The Motherland! Kind of. Mom and I are a couple of generations removed but growing up with Swedish ancestry still made us want to visit. I'm even named after Mom's extremely Swedish Great Aunt Anna. After having the fermented fishy delicacy that is lutefisk at every Christmas dinner, we earned this trip.
Tourists definitely visit Sweden, but not in such overwhelming numbers like western and southern Europe. Despite this, Swedes are just as accustomed to English as the aforementioned regions, if not more so. Café workers spoke Swedish to each other and sometimes to me, but switched to English upon seeing my bewildered expression. And yes, there are A LOT of attractive people in Sweden. It’s actually annoying. I was constantly seeing guys who could be pro athletes or in boybands. But I knew that none of them would be coming home with me because Scandinavians are generally less willing to to strangers than Americans are. Also yes, the meatballs were perfect. They tasted just like my Grandma’s potato sausage!

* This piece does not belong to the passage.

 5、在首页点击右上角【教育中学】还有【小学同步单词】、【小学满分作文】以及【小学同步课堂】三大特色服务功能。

Stockholm felt like a model society – almost too perfect. I wanted to ask, “Ok, what are y’all hiding? What’s getting brushed under the rugs here?” Hardly any trash or citizens struggling with homelessness. I knew going into this trip that Sweden is a welfare state, meaning there is a strong social safety net. Free healthcare and what not, but high taxes. Very much not socialist, but social democratic enough to make the U.S. center-left squirm a little. The Swedes’ ways of doing things have pros and cons, and reminded me that neither side of the pond has things figured out. The grass is always greener on the other side.
Governmental debates aside, Stockholm was as gorgeous as I envisioned it. Boats of all sizes line the major islands that make up this city and Strandvägen is the perfect place to see them. This street has quintessential European buildings, a wide pedestrian walkway along the water, and restaurants with piers so that you can sit right on the water. Mom and I hung out on one of these while the sun started to set. Core memory for sure.

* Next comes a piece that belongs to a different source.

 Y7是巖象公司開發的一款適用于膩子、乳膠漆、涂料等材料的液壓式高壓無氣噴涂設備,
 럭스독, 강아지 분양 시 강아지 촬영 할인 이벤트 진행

Near Strandvägen is the Hallwyl Museum (Hallwylska Museet). This is the former home of Countess Wilhelmina, and could easily be a “Bridgerton” filming location. From wall tapestries to ornate furniture, the home brings you into the life of Sweden’s upper class in the early 1900s. It is a unique and perhaps under the radar piece of history in Stockholm well worth at least a quick stop.
Strandvägen gets you close to some of Stockholm’s biggest highlights. From the street, you can see the tall spire of the Nordic Museum (Nordiska Museet). The museum is smaller than it looks, which is surprising because it takes you through around 500 years of Nordic history. Its exhibits focus on the region’s ordinary inhabitants, displaying items of daily life century by century. Think home décor in the 1700s and teen parties in the 1950s, to name just a couple of examples. Through 1900s displays on how Swedes determined what the average person needs for a comfortable life (approached almost like science), you can see the emergence of Sweden’s modern systems.

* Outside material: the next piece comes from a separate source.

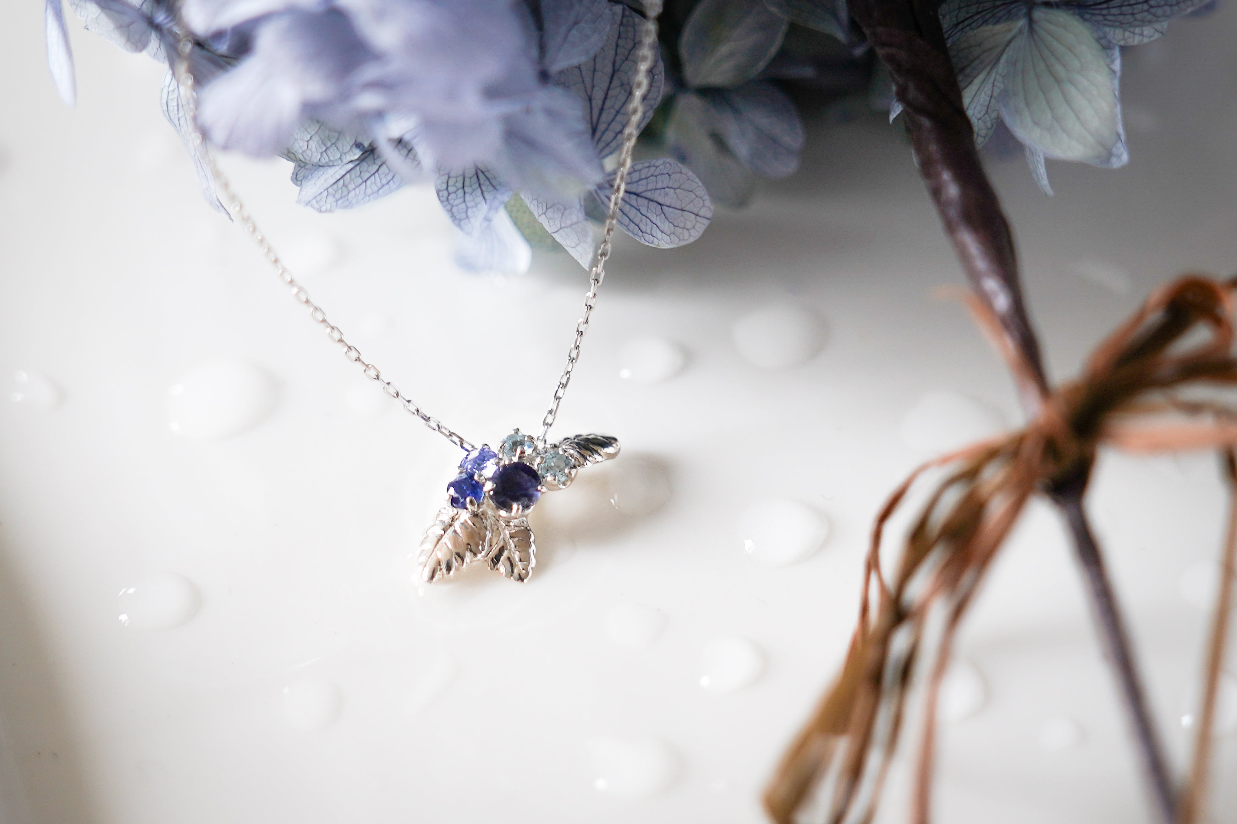 街中で咲き始めている梅雨の訪れを感じる花・アジサイが、鮮やかな天然石とSILVER925で美しいジュエリーに昇華いたしました。

Sweden’s maritime culture and history is one of its most well-known attributes, especially because of the Vikings. Even 1,000 years after their plundering across the Atlantic (and reaching North America before Christopher Columbus), Viking imagery is still on our screens large and small. A short walk south from the Nordic Museum is the Viking Museum. This museum won’t tell you how to train your dragon or how to wield Thor’s hammer as well as Chris Hemsworth does, but it does cover Viking shipbuilding, war equipment, mythology, and more.
Find more of Sweden’s maritime glory at the Vasa Museum (Vasamuseet) across from the Nordic. This entire building is dedicated to the Vasa warship, which sank in the 1620s and was not pulled from the ocean floor until around 300 years later. It is in remarkable condition, thanks to careful preservation and a temperature-controlled environment (it’s chilly in there). I’m not even going to try to describe how big it is, but given that there are four floors that each get you up close to a different part of the ship, you get the gist. Other exhibits show what researchers were able to determine about the people involved with Vasa based on human remains found near the ship.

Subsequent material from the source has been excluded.